_WHAT IS NEEDED_:
Your answer must be the exact lines from the one holding "#ラリマー #チャロアイト #翡翠" through the last line of the records below, with no pictures.

═══ INPUT FOR THIS TASK ═══

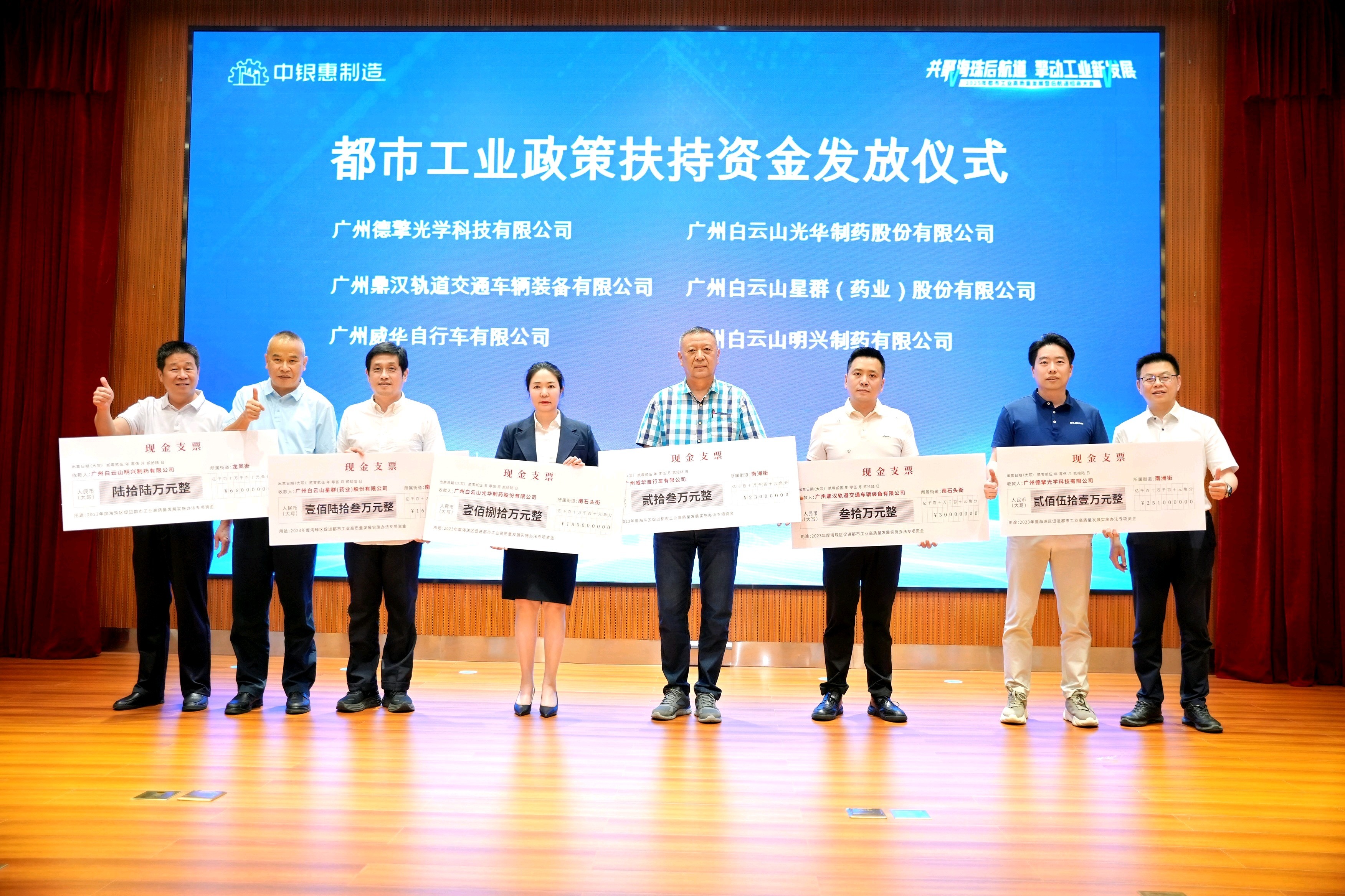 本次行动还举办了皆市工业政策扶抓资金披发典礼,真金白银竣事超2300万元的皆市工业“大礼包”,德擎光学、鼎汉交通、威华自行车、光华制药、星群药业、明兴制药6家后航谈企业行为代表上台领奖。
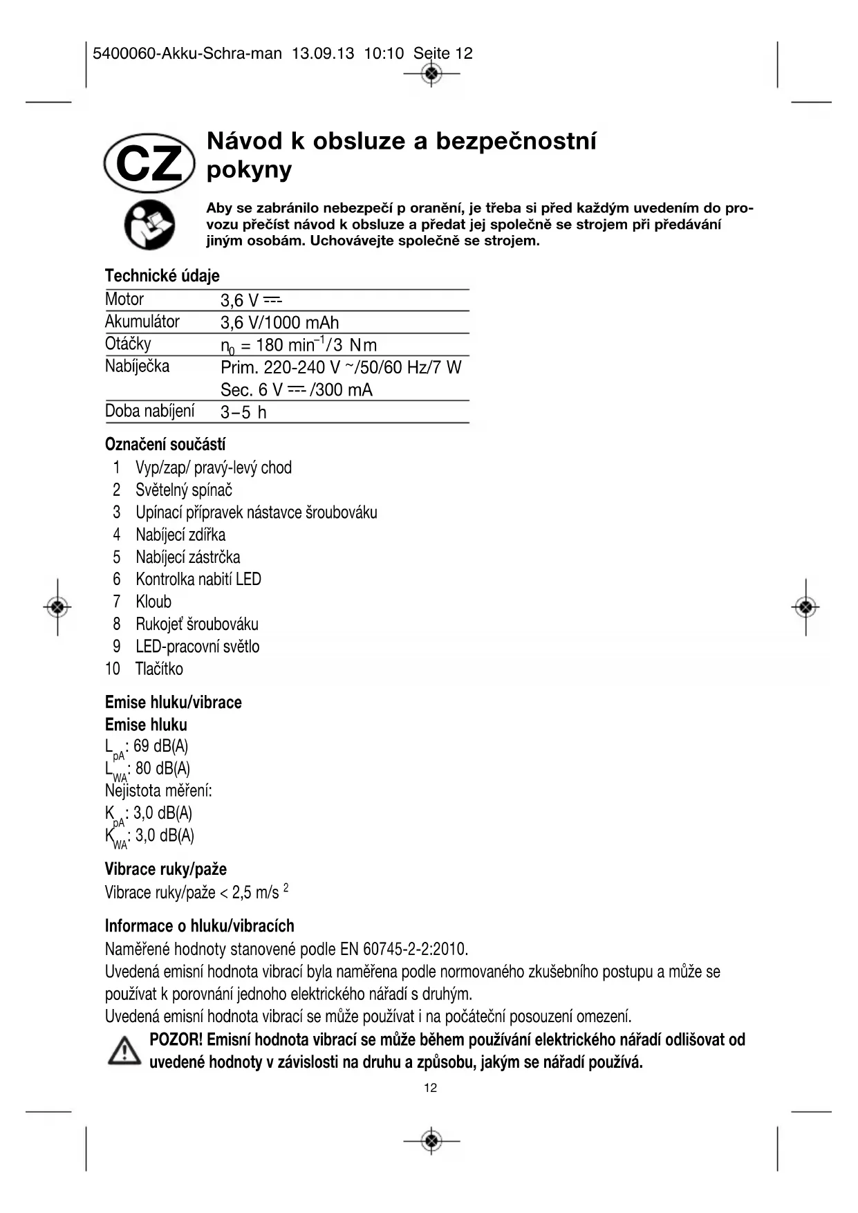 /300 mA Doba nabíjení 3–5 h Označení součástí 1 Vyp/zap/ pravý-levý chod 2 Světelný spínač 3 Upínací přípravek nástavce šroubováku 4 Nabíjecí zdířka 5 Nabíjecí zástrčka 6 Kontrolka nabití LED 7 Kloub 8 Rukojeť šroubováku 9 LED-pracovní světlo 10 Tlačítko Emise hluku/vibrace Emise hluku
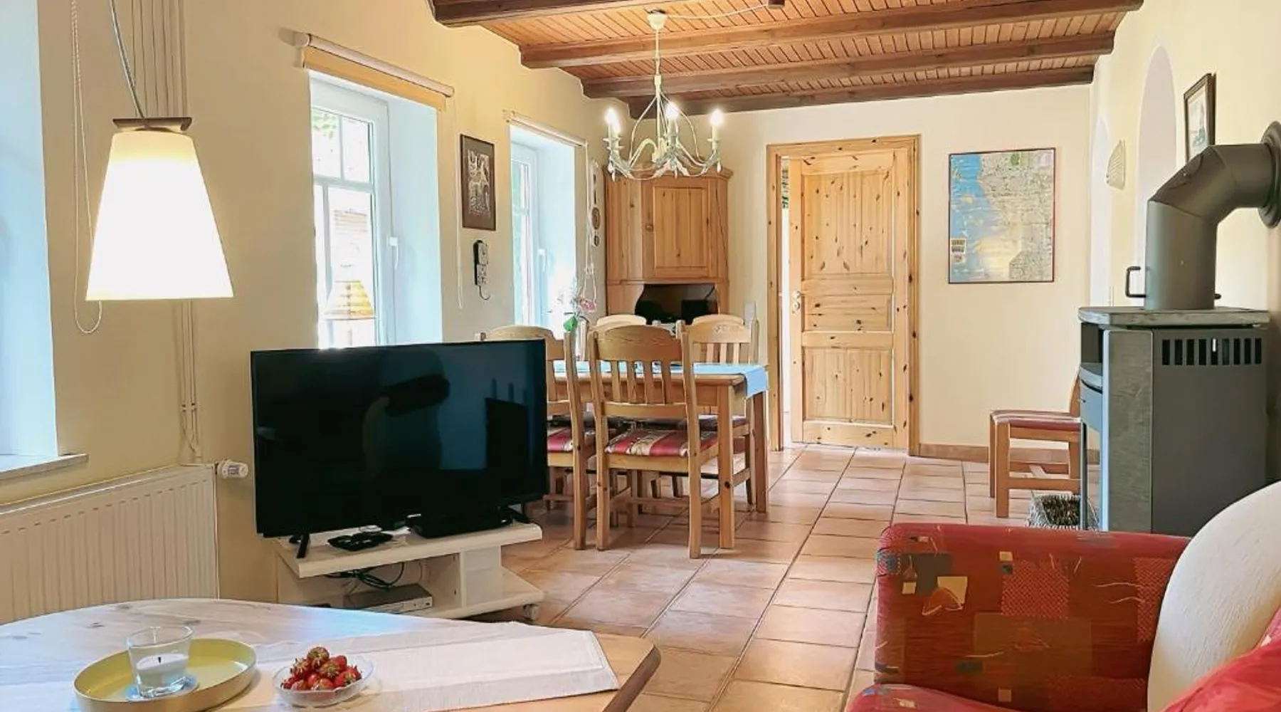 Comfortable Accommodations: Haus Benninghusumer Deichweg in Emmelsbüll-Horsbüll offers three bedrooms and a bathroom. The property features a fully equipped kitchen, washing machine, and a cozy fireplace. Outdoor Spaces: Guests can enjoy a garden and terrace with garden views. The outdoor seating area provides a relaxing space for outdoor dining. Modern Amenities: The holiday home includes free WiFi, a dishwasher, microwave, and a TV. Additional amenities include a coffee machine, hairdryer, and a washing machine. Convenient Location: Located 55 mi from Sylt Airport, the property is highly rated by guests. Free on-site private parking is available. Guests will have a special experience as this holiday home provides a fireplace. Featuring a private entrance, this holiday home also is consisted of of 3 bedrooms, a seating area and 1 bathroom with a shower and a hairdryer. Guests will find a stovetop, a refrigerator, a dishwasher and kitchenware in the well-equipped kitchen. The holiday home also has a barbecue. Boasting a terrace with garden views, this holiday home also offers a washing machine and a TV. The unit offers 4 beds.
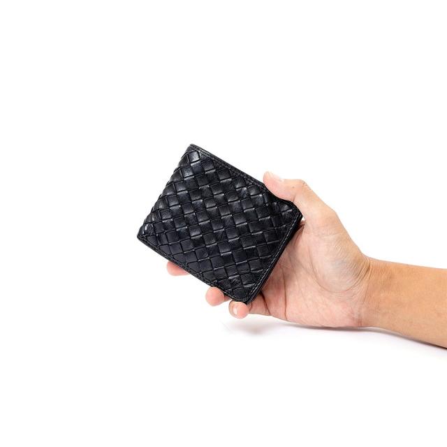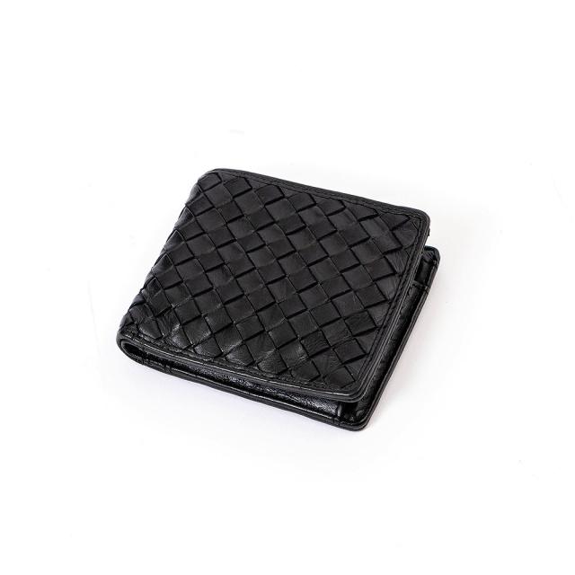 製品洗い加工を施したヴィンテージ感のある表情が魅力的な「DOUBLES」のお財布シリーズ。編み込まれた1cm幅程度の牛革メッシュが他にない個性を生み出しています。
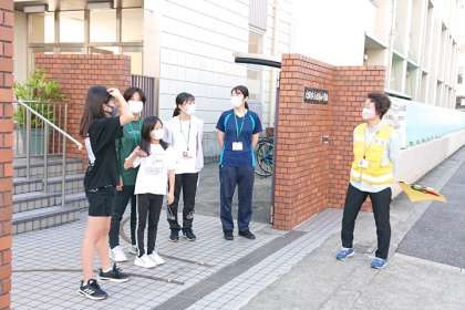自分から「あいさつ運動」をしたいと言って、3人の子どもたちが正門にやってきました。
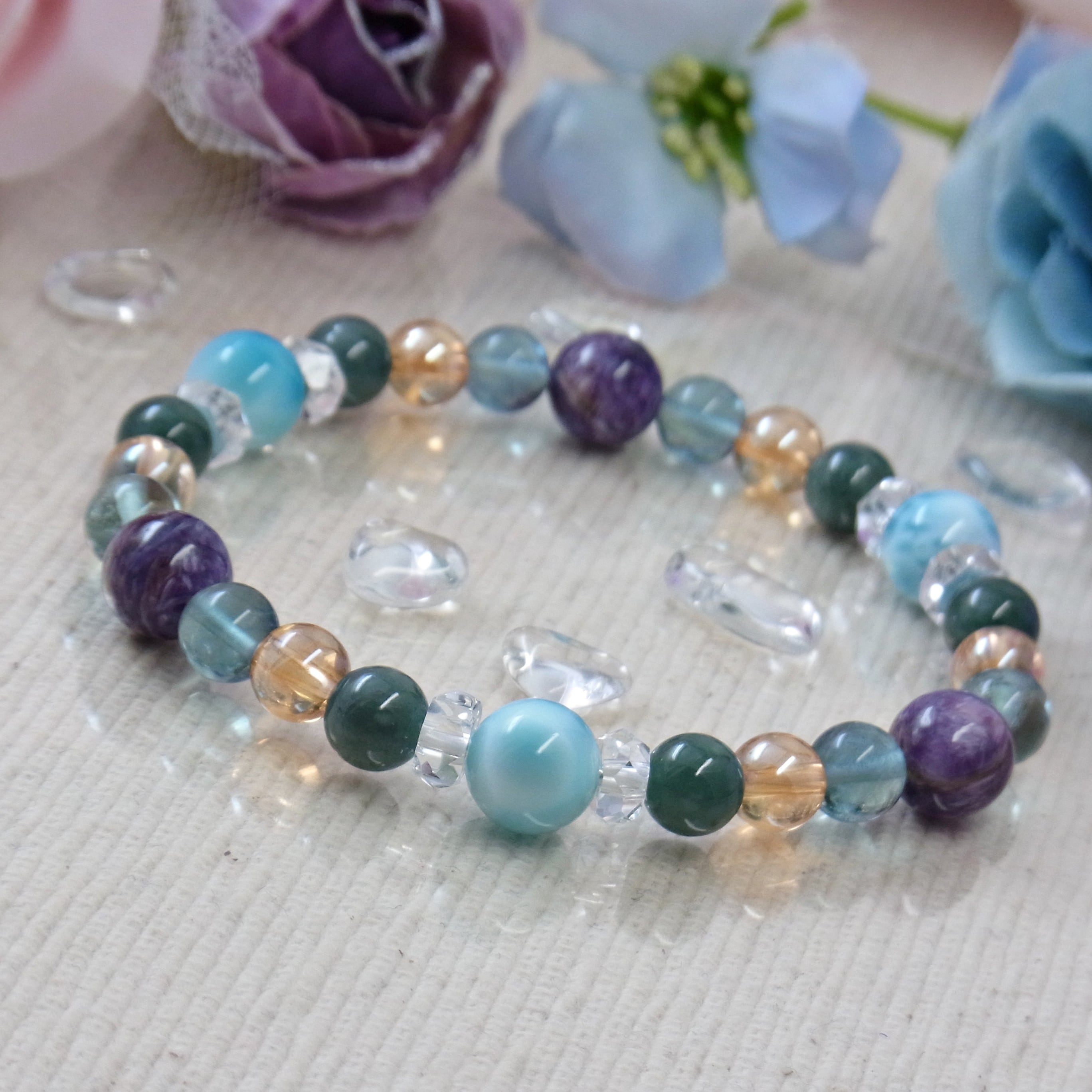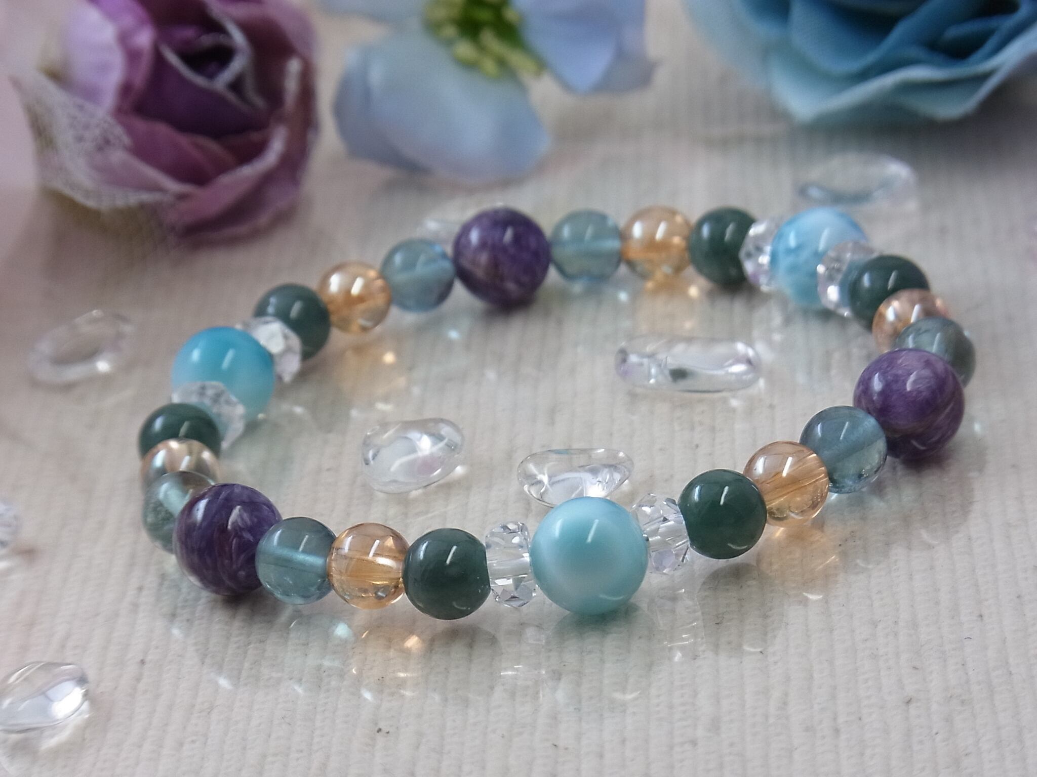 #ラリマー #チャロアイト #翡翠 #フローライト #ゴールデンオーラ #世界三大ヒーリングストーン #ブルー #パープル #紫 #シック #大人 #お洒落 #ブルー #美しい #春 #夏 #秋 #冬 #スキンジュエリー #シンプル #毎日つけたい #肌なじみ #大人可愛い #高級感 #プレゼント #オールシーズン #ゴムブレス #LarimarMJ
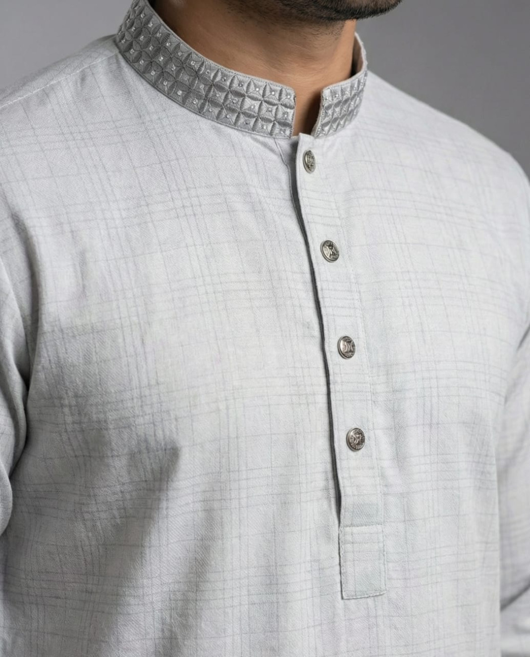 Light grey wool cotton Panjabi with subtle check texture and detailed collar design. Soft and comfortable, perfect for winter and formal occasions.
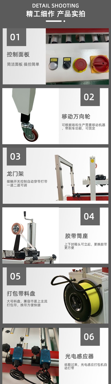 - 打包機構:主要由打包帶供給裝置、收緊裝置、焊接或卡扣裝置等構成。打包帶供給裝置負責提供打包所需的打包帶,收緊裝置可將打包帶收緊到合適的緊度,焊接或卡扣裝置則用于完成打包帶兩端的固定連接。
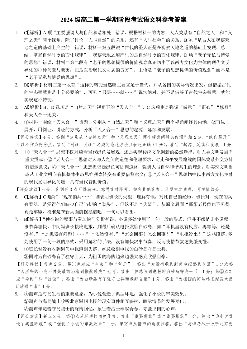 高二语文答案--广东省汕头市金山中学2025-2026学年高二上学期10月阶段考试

═══

_EXPECTED ANSWER_:
 #ラリマー #チャロアイト #翡翠 #フローライト #ゴールデンオーラ #世界三大ヒーリングストーン #ブルー #パープル #紫 #シック #大人 #お洒落 #ブルー #美しい #春 #夏 #秋 #冬 #スキンジュエリー #シンプル #毎日つけたい #肌なじみ #大人可愛い #高級感 #プレゼント #オールシーズン #ゴムブレス #LarimarMJ
 Light grey wool cotton Panjabi with subtle check texture and detailed collar design. Soft and comfortable, perfect for winter and formal occasions.
 - 打包機構:主要由打包帶供給裝置、收緊裝置、焊接或卡扣裝置等構成。打包帶供給裝置負責提供打包所需的打包帶,收緊裝置可將打包帶收緊到合適的緊度,焊接或卡扣裝置則用于完成打包帶兩端的固定連接。
 高二语文答案--广东省汕头市金山中学2025-2026学年高二上学期10月阶段考试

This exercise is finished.